The matrix creation unit 240 creates a summary statistics quantity of matrix values for the fields created by the summary table creation unit 220, according to a method set by the client or by default such as an occurrence matrix, co-occurrence matrix, proximity matrix, or the like.
In addition, the matrix creation unit 240 creates a summary statistics quantity of matrix values for the fields created by the preprocessing module 230, according to a method set by the user or by default such as an occurrence matrix, co-occurrence matrix, proximity matrix, or the like.
The cluster analysis unit 250 analyzes a cluster for a field (or an entity) selected by the client using a cluster analysis method selected by the client.
For example, if the client selects a cluster command by selecting an ‘inventor’ field, the cluster analysis unit 250 extracts an inventor stored in the provided database 200 and analyzes a cluster for the extracted inventor using a cluster analysis method selected by the client.
The cluster analysis is a statistical analysis technique tried to confirm a group having a similar characteristic, i.e., binding entities having a similar characteristic and dividing the entire entities into a plurality of groups or clusters.
Accordingly, the cluster analysis unit 250 analyzes a cluster for the entities using proximity. That is, the cluster analysis unit 250 obtains distances among the entities, calculates proximity using the obtained distances, and analyzes a cluster using the proximity.
The cluster analysis method includes a hierarchical method (single, complete, average, and ward), a non-hierarchical method (K-Means), and the like, and an order of the clustered items can be confirmed through a directory structure as a result of the cluster analysis.

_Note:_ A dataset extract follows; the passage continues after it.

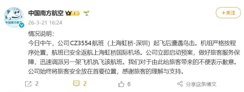 刚刚,南航发布CZ3554航班情况说明 ! 3月21日,中国南方航空发布公告,今日中午,公司CZ3554航班(上海虹桥-深圳)起飞后遭遇鸟击。机组严格按程序处置,航班已安全返航上海虹桥国际机场。公司立即启动预案,做好旅客服务保障,迅速调派另一架飞机执飞该航班。我们对于由此给旅客带来的不便表示歉意。公司始终将旅客安全放在首要位置,感谢旅客的理解与支持。

The hierarchical clustering method includes methods of single, complete, average, central linkage, and the like. The single linkage (connected) uses the shortest distance among the distances of all entity pairs of two clusters as a measure of proximity between the clusters, which evaluates proximity of the two clusters using a pair of entities having the shortest distance.
The complete linkage (compact) uses the longest distance among the distances of all entity pairs of two clusters as a measure of proximity between the clusters, which evaluates proximity of the two clusters using a pair of entities having the longest distance.

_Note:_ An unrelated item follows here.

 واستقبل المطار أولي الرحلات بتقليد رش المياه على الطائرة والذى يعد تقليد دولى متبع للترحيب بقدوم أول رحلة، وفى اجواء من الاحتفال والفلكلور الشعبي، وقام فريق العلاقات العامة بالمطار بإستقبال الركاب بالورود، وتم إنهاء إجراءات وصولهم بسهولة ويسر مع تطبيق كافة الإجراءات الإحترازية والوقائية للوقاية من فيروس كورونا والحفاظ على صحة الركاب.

The average linkage uses an average distance of all entity pairs of two clusters as a measure of proximity between the clusters.
The central coordinate of entities configuring a cluster is the center of the cluster, and the central linkage method is a method using a distance between the centers of two clusters as a measure of proximity between the clusters.
The non-hierarchical clustering method is also referred to as a partitioning method, which is a method of assigning the number of clusters in advance and allocating target entities to an appropriate cluster.
The K-Means clustering method among the non-hierarchical clustering methods selects coordinates of k entities as central coordinates of initial clusters according to a certain rule, calculates a distance to the central coordinates of k clusters for each entity, allocates the entity to the nearest cluster, calculates a central coordinate for a new cluster, and compares a newly created central coordinate value with a previous coordinate value. The process is terminated if a result of the comparison is within a convergence condition, otherwise central coordinates of the initial clusters are re-selected.
The visualization data creation unit 260 creates at least one of data created by the matrix creation unit 240, data created by the preprocessing module 230, and data analyzed by the cluster analysis unit 250 as visualization data such as a chart, FDP, strategic map, or the like by the request of the client.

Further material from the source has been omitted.